Miss Ann Says

thoughts from everyday life
Miss Ann Says
  • About Me & Media Bio:
  • Speaker/Writer
  • Category: faith

    • The Barn

      Posted at 1:30 pm by missannsays, on March 30, 2012

      That is not what the Barn looks like but that is what some people have imagined.  Actually it is an old barn down the street from the Barn.  My younger daughter has pretended to be stopping there to freak her friends out.  The Barn is a gift from God to our family. Today seemed like a good day to share the story of the Barn.

      It all started in the fall of 2003.  I began investigating purchasing a weekend home which was so out of the realm of anything I ever thought I would be doing that it was surreal. My daughters and I decided we wanted a weekend house not too far away and with “land”. My dad had said you want “land”. Okay i want “land” but wasn’t sure what else I wanted or should look for.  I spent many hours searching the internet for “close by and with land”. Oh and it should have “stories” not levels but real stories.  the house should have character not something so new that there was no history but not so old that there was a lot of work. Okay we want land,character,doesn’t need work and kind of close by. Believe it or not, I found a farmhouse that I thought fit that bizarre list.  My youngest daughter and I drove to Sullivan County to meet a realtor and visit the farmhouse. Well, the farmhouse wsn’t it but the realtor was it.

      And so began my adventure to finding the weekend house. I bought and read a book on how to buy a house.  Joanne, my realtor, and I visited all kinds of places.. No, that’s not it. No, that’s not it either. I wasn’t sure what it was but I sensed when I saw it I would know.  And then Joanne and I visited a converted barn with 14.6 acres of land.  I think this is it.  I am not totally sure what drew me to the Barn but I knew this is it.

       So began the next chapter, purchasing the weekend house.  I kept my “house book” close at hand. Made an offer, rejected, made a counter offer, house inspection, closing scheduled for April 1. My realtor, their realtor and I arrived for the walk through on March 31 and the house wasn’t empty. This was a weekend house for the sellers and no one had been here since May of 2003 so how can there still be food in the refrigator? I may know very little about purchasing a house but I do know this is not ready for sale.  And I also know that I am not closing on a house on April 1 – I don’t like April Fools jokes. So my lawyer gives them 30 days to get it together.  My daughters and I decide that if God wants us to have this house we will have this house.  And on May 5, I bought the Barn. I think it is funny that the closing didn’t happen on April Fools Day but it happened on Cinco de Mayo –  just makes me laugh.

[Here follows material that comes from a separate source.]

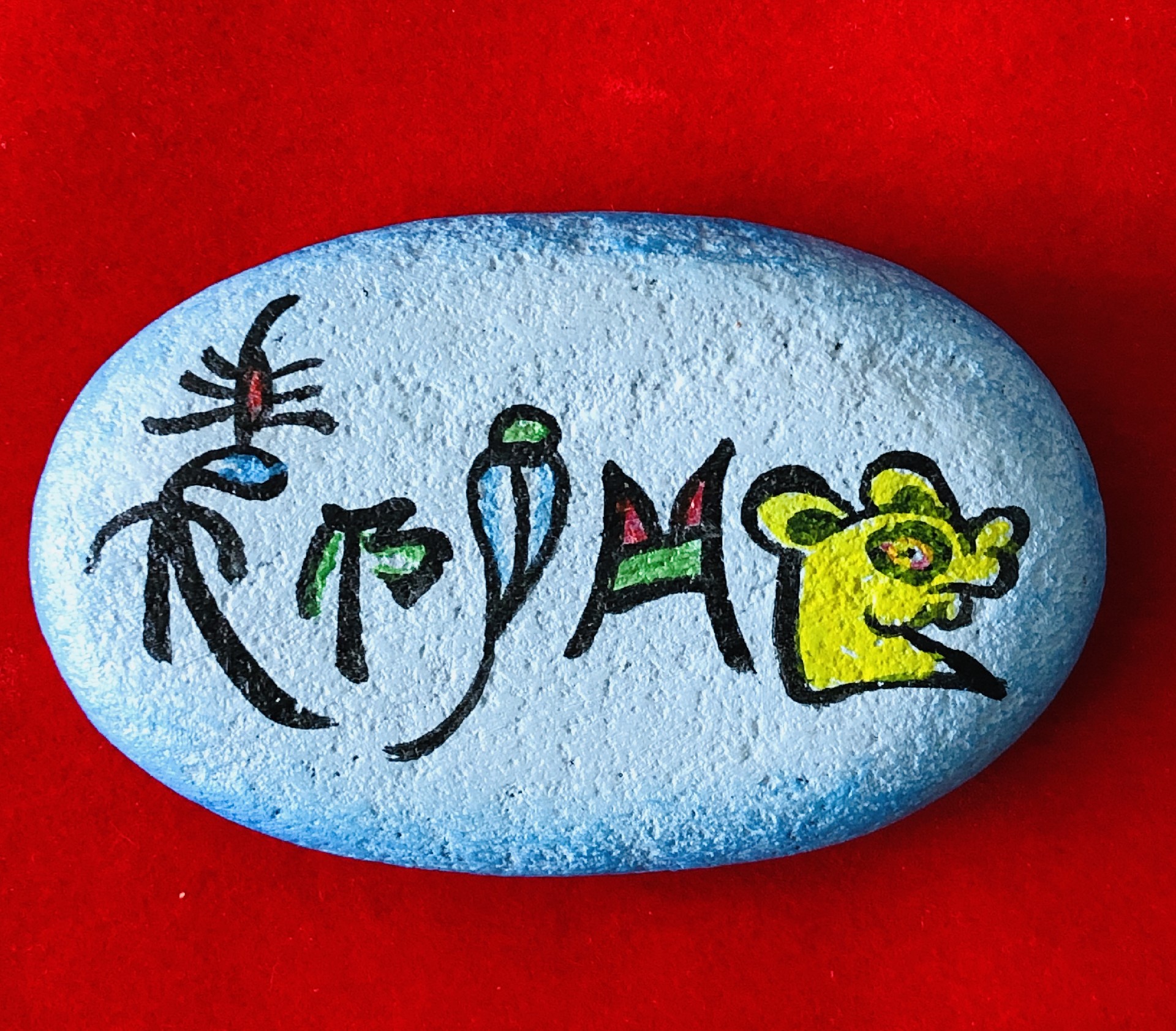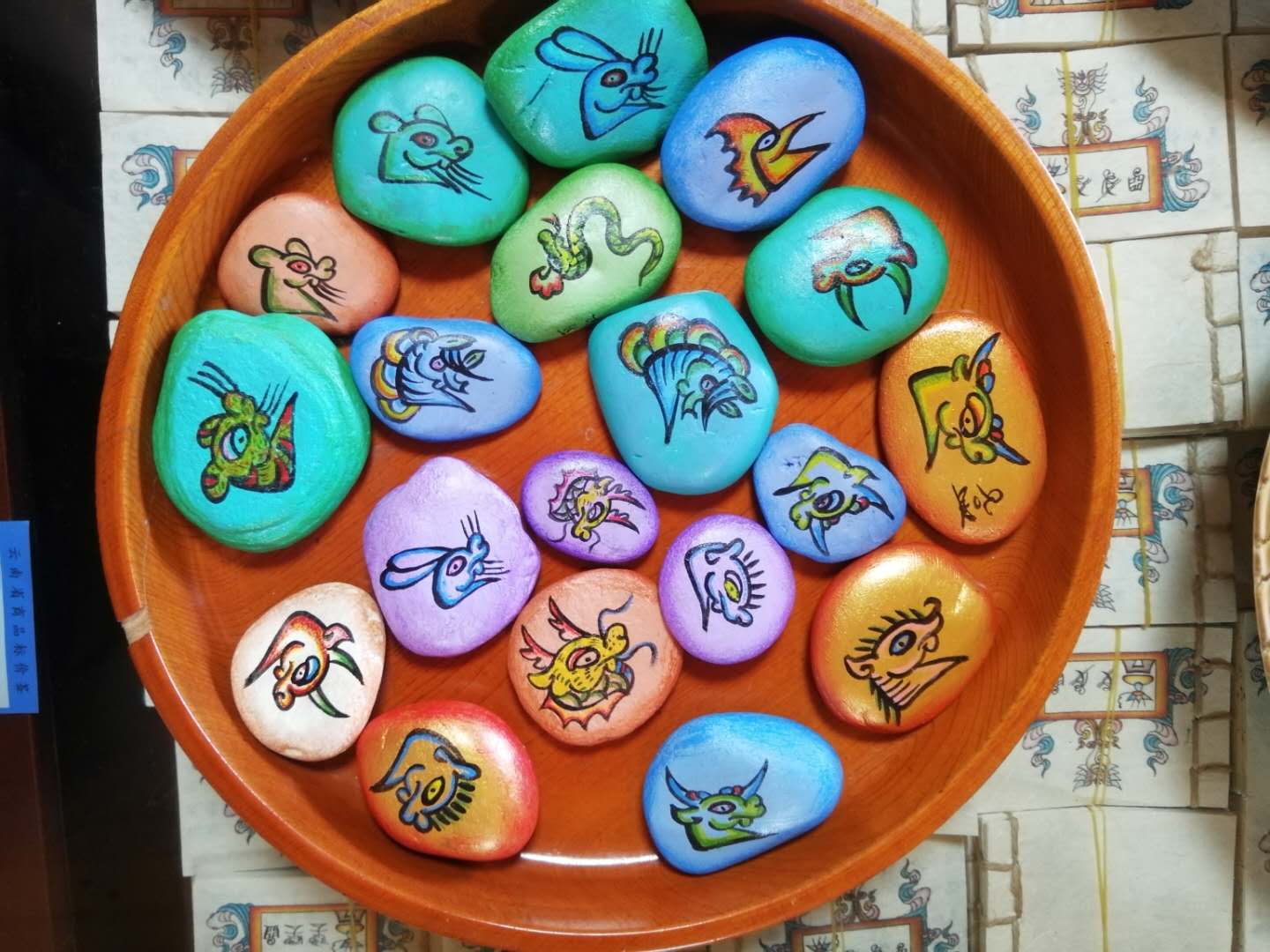 东巴大师现场教授简单的东巴文字书写,然后客人挑选喜欢的东巴文字和石头自己完成作品。

      So we call our weekend house the Barn because it is a converted barn and saying I have a weekend house just isn’t who I am. I have learned many things about weekend home ownership – things about decks, mice, no phone lines, new wells and frozen pipes, septic systems and attic stairs. I have also learned about myself and even more importantly I have learned about God. I have many stories.

      I thought I would share one of those stories. One thing I knew I wanted at the Barn was a big farmhouse stlye table.  A table where many people could sit and eat and sit and talk and sit and play games.  The table would be the center piece of the room.  The Barn has a big table like that (photo at end). On Thanksgiving of 2010, both of my daughters and their guys, my sister and her family and my mum were all sitting around that table.  What a blessing! Thank you, Lord. I remember thinking I don’t know when I will have this again. Wow!! I love this all these people that I love around the table.  I thought I am so grateful and I am willing to wait with a thankful heart until I have it again.  And then I realized that God is willing to wait through all eternity to have all those He loves at one table. He loves us so much that He will wait.

      Guess what – this past New Years Day I had my girls and their guys, my sister and her family and my bestest friend and her hubby.  Another blessed time around the table at the Barn.

      PS. The “ladies from church” will be arriving in this afternoon for Ladies Time Out – a time of fun, food and fellowship, ladies just being girls. we usually hang out in our pjs and eat and laugh and sometimes cry.  God is so good.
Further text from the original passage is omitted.